The idf(t) should be understood like this : a word appears n times in the document collection, and the total number of document collections is N. idf(t) comes from information theory. Then the probability of this word appearing in each document is: $n / N$ , so the amount of information about this word appearing in this document is: $- l o g (n / N)$ . This is somewhat similar to information entropy $(- P (x) l o g P (x))$ , When performing feature selection using the filtering method of data mining, mutual information needs to be used. In fact, it is to calculate information gain and decision trees. Put $- l o g (n / N)$ transform, $l o g (N / n)$ , in order to avoid the appearance of 0, smoothing is performed, which is the above formula (just like Naive Bayes requires Laplacian smoothing).
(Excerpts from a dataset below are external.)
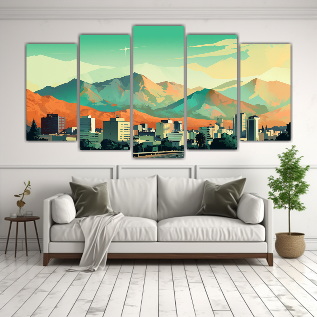 Conjunto 5 Pinturas Conceptuales Santiago En Chile En Colores Pastel Y Verde Neo
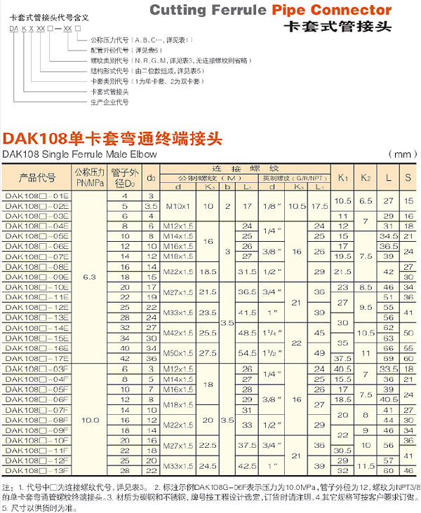 | 產(chǎn)品名稱: | DAK108單卡套彎通終端接頭 |
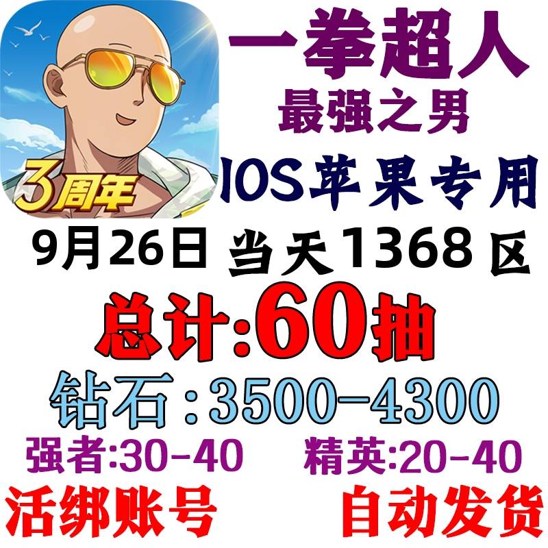 一拳超人:最强之男【苹果官方】2.7亿新区极品号。
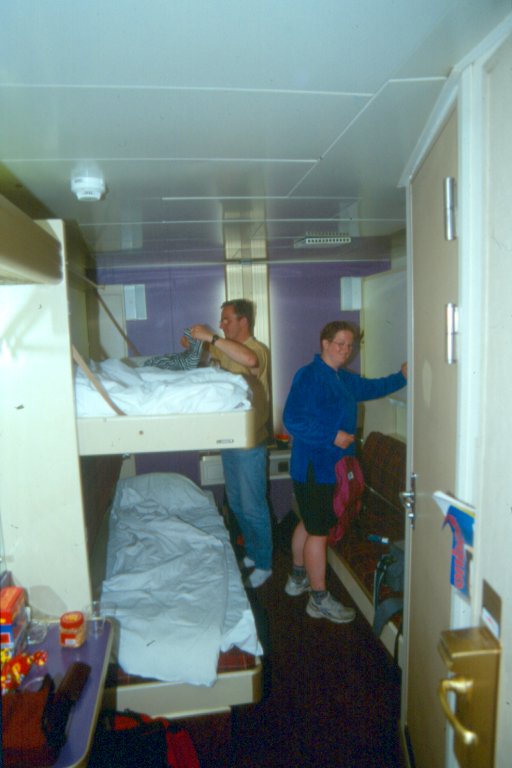 Hier ist noch mal ein Größenvergleich Fähre-Insel, mit einer Insel weiter draußen. Selbst ohne den Schornstein schwimmt da bereits ein Hochhaus vorbei.
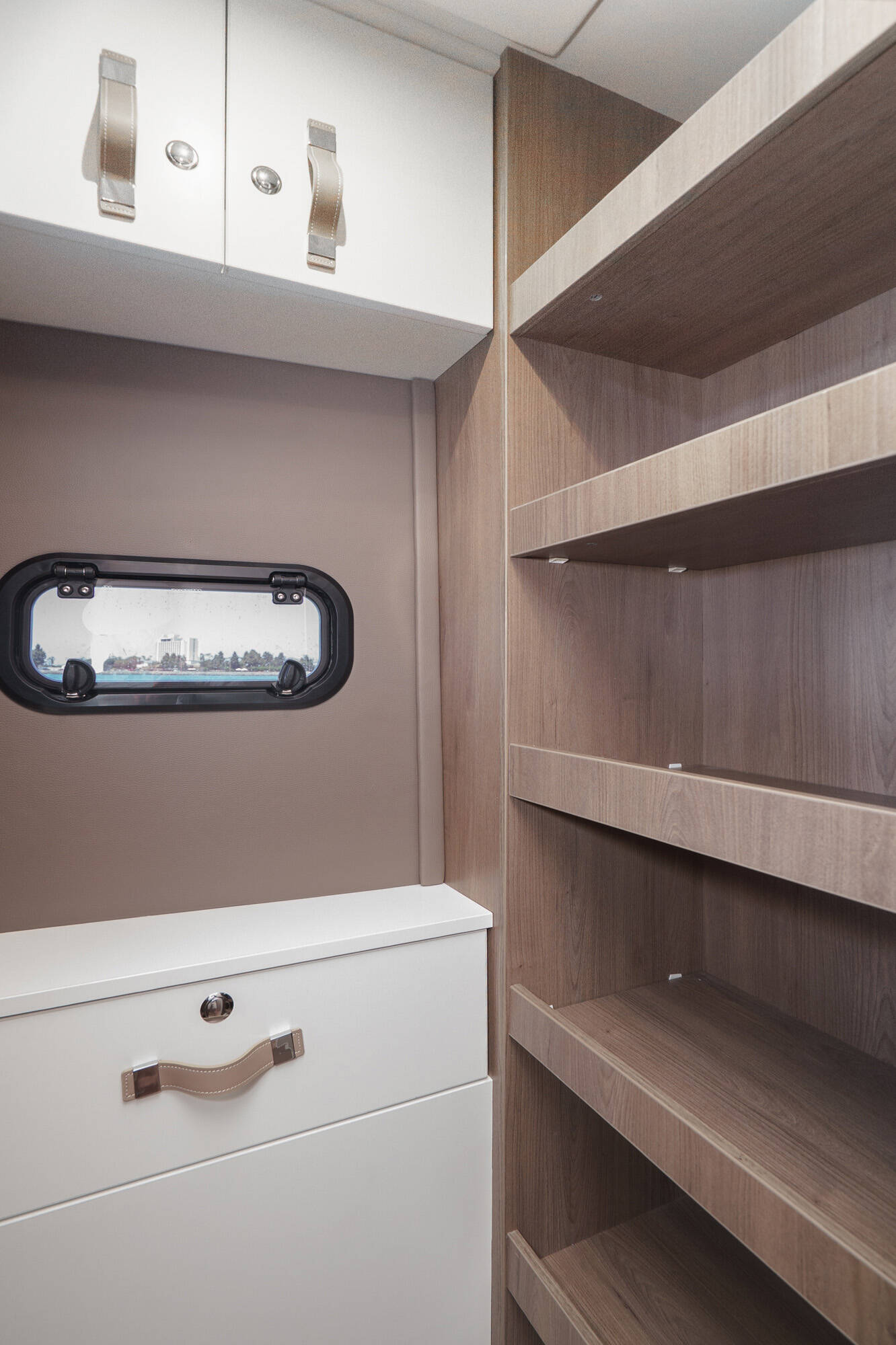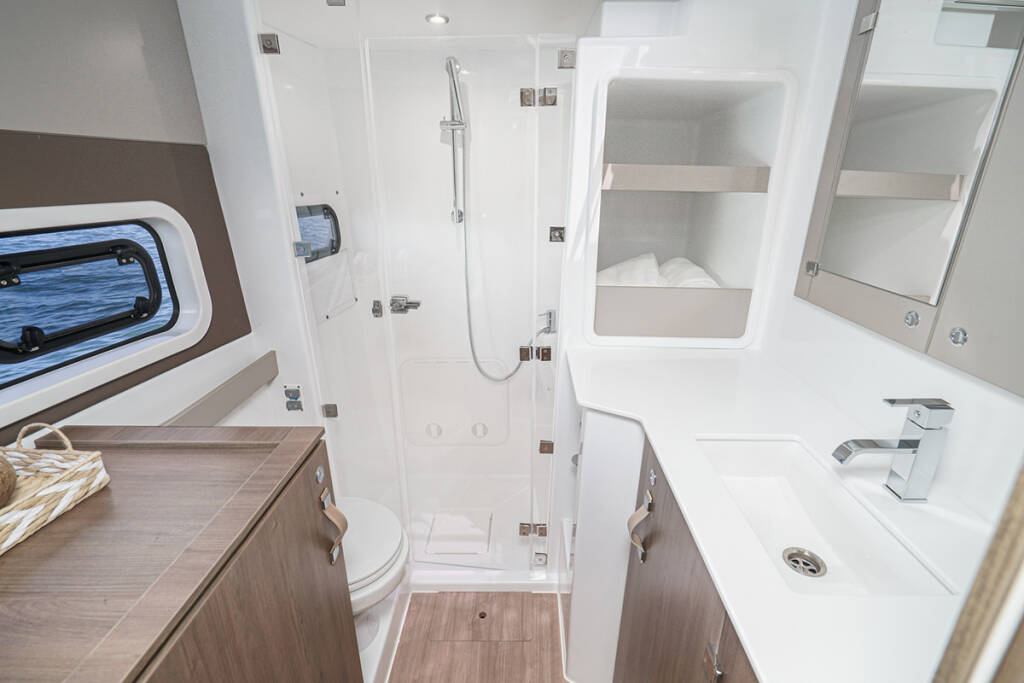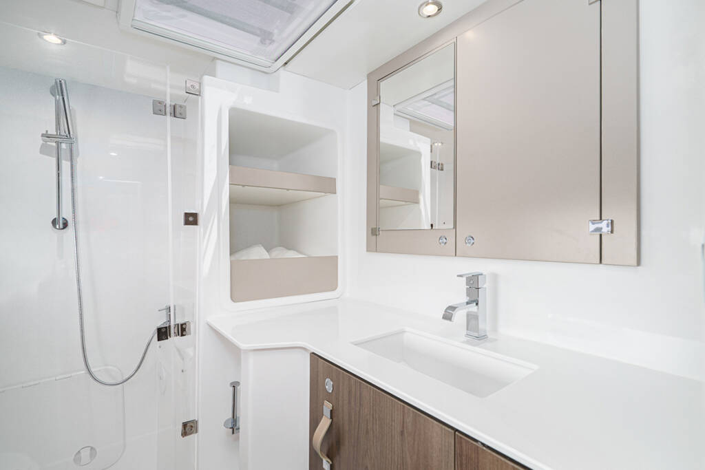 +provisioning ; Crew on board must have their own toilets/ showers. If either a skipper or a hostess/cook is on board, 1 double cabin will be required for him/her. If both a skipper and a hostess/cook are on board, 1 double cabin and 1 forepeak cabin will be required for them. Exceptions exists for specific layouts, Sales Agents will provide more details about the different boat models.
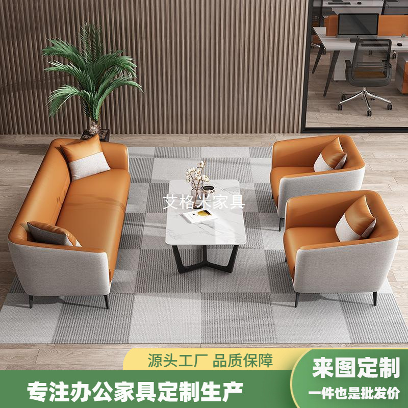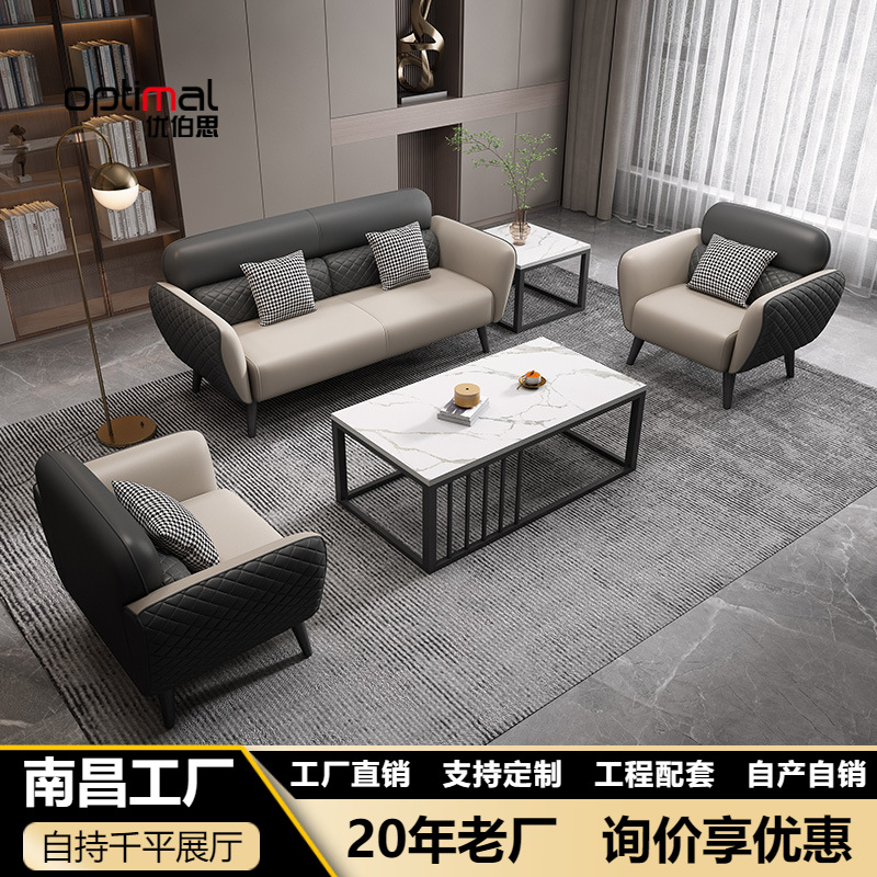 Sofa kantor sederhana modern bisnis ruang tamu Nordik Kulit sofa kantor meja kopi setelan kombinasi

Next we still use the module TfidfVectorizer in Sklearn to implement it. The code is as follows:

from sklearn.feature_extraction.text import TfidfVectorizer
import numpy as np
from scipy.linalg import norm


def tfidf_similarity(s1, s2):
    def add_space(s):
        return ' '.join(list(s))
    
    # 将字中间加入空格
    s1, s2 = add_space(s1), add_space(s2)
    # 转化为TF矩阵
    cv = TfidfVectorizer(tokenizer=lambda s: s.split())
    corpus = [s1, s2]
    vectors = cv.fit_transform(corpus).toarray()
    # 计算TF系数
    return np.dot(vectors[0], vectors[1]) / (norm(vectors[0]) * norm(vectors[1]))


s1 = '你在干嘛呢'
s2 = '你在干什么呢'
print(tfidf_similarity(s1, s2))

The vectors variable here actually corresponds to the TFIDF value, and the content is as follows:

[[0.         0.         0.4090901  0.4090901  0.57496187 0.4090901 0.4090901 ]
 [0.49844628 0.49844628 0.35464863 0.35464863 0.  0.35464863 0.35464863]]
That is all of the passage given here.